[Records drawn from a dataset]
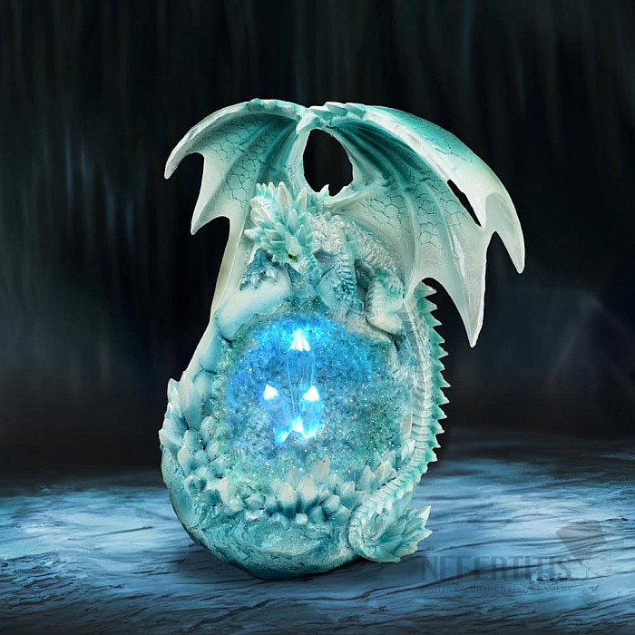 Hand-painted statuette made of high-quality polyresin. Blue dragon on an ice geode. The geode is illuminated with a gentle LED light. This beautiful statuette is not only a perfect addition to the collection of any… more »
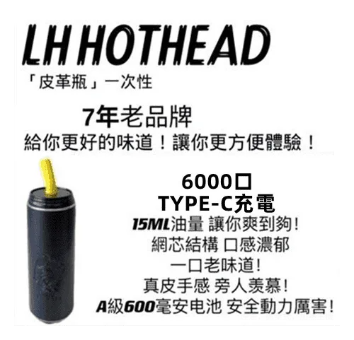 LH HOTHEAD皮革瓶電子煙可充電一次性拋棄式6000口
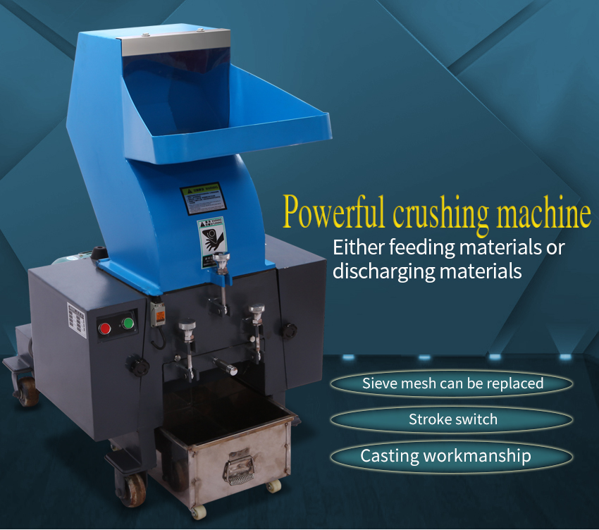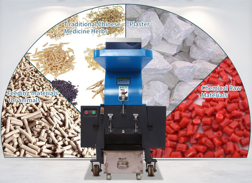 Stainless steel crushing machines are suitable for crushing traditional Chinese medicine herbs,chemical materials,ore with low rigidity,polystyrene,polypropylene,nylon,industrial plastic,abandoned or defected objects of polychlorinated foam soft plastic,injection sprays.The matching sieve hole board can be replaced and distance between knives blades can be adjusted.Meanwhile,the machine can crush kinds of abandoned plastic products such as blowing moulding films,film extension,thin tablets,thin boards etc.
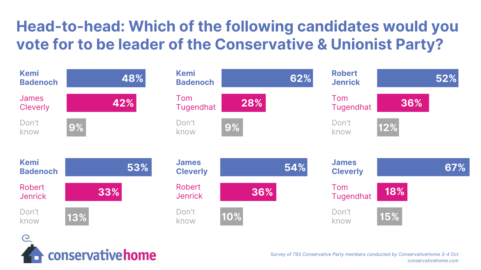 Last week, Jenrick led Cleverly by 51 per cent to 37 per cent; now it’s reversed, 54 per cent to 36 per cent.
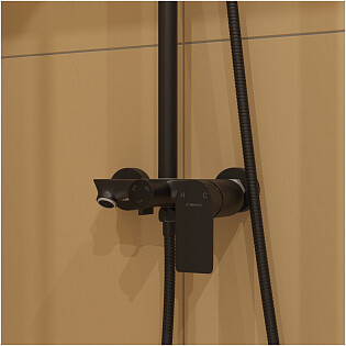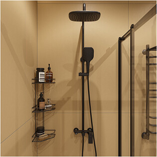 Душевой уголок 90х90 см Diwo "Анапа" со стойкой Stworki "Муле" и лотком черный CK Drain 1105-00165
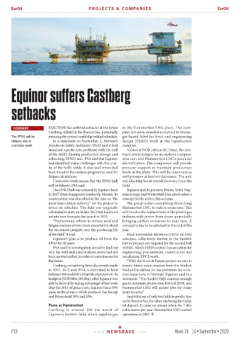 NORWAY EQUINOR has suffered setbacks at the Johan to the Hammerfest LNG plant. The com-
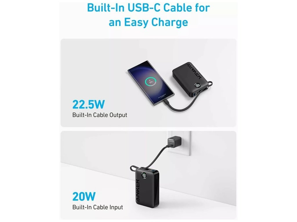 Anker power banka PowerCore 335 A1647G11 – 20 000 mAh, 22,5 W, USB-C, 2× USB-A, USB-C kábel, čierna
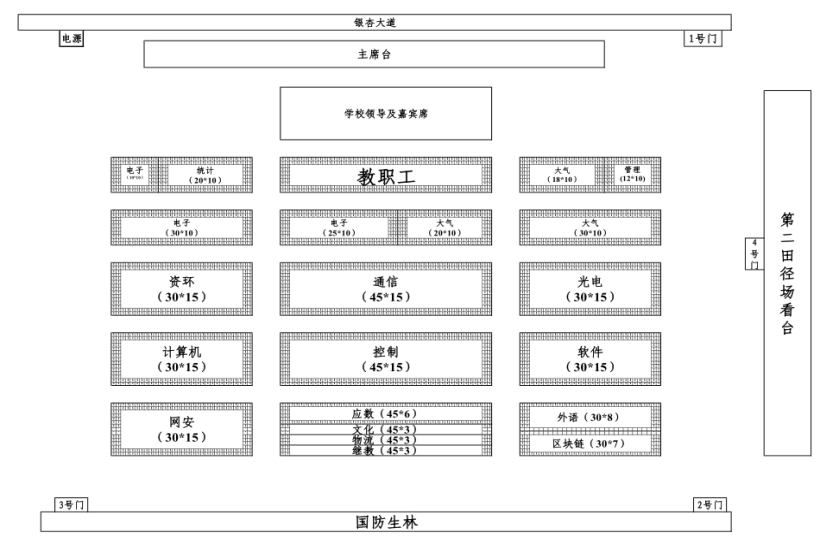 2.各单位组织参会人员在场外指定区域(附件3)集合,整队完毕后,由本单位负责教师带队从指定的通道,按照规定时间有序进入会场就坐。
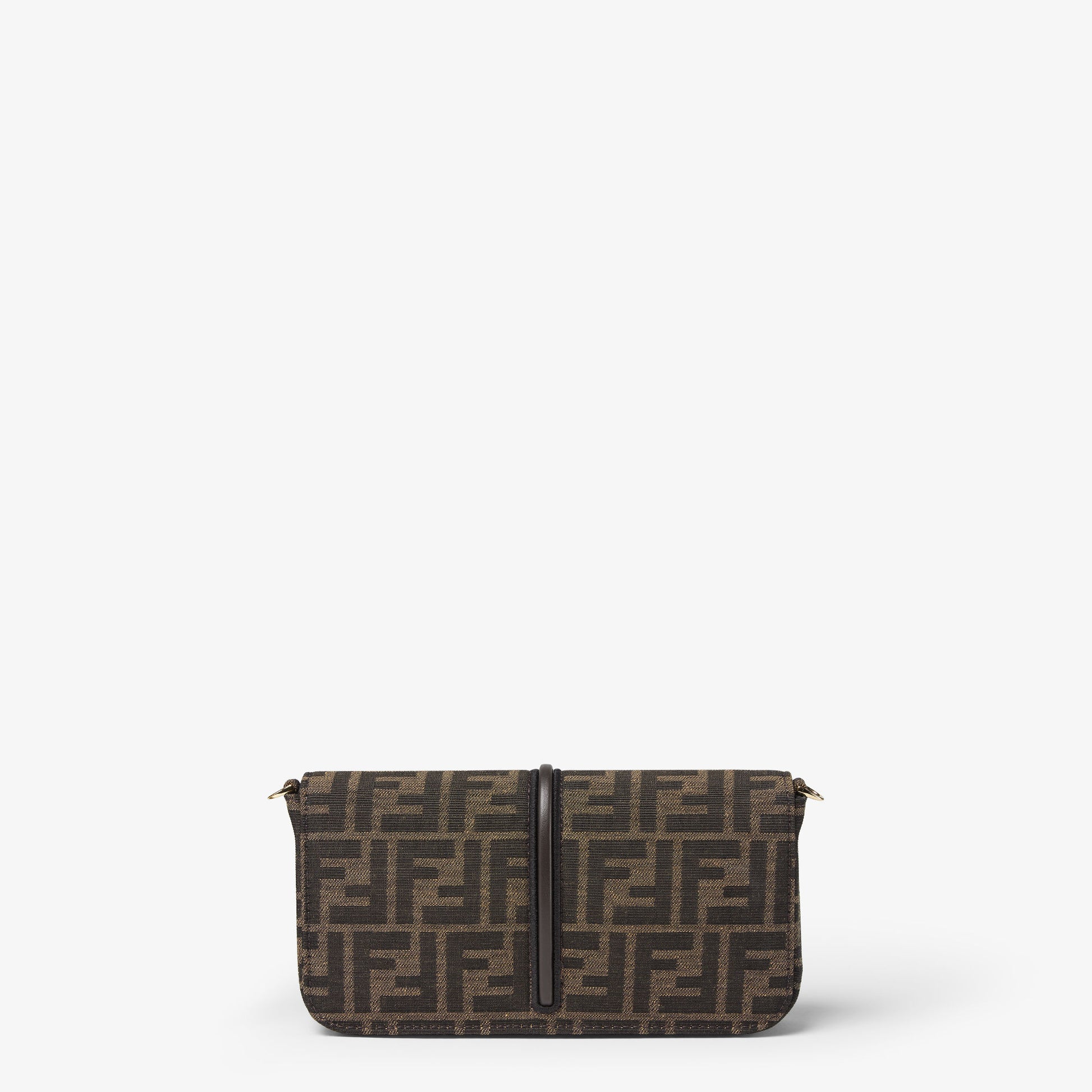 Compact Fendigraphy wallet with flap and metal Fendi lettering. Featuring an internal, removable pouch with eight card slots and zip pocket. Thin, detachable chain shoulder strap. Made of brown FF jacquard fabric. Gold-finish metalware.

* * *

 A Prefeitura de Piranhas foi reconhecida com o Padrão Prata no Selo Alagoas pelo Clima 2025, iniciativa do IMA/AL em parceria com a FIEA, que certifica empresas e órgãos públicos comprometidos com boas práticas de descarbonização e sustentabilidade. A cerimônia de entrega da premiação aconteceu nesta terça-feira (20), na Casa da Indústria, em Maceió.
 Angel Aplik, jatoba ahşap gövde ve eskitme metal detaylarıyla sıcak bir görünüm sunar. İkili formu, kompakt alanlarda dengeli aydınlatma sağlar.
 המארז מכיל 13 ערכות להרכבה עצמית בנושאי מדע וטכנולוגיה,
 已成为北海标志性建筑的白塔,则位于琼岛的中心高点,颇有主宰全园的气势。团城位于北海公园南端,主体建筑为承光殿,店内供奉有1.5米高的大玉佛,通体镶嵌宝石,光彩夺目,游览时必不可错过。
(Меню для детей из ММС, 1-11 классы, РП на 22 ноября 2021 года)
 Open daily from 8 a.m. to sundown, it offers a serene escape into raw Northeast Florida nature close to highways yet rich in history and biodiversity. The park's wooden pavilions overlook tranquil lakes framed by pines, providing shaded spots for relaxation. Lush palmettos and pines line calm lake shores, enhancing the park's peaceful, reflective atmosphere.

* **Work instructions**:
Would you please repeat only the lines above, beginning at the one that has "Душевой уголок 90х90" and stopping after the one that has "Anker power banka", exactly and with no pictures?

* **Finished task**:
 Душевой уголок 90х90 см Diwo "Анапа" со стойкой Stworki "Муле" и лотком черный CK Drain 1105-00165
 NORWAY EQUINOR has suffered setbacks at the Johan to the Hammerfest LNG plant. The com-
 Anker power banka PowerCore 335 A1647G11 – 20 000 mAh, 22,5 W, USB-C, 2× USB-A, USB-C kábel, čierna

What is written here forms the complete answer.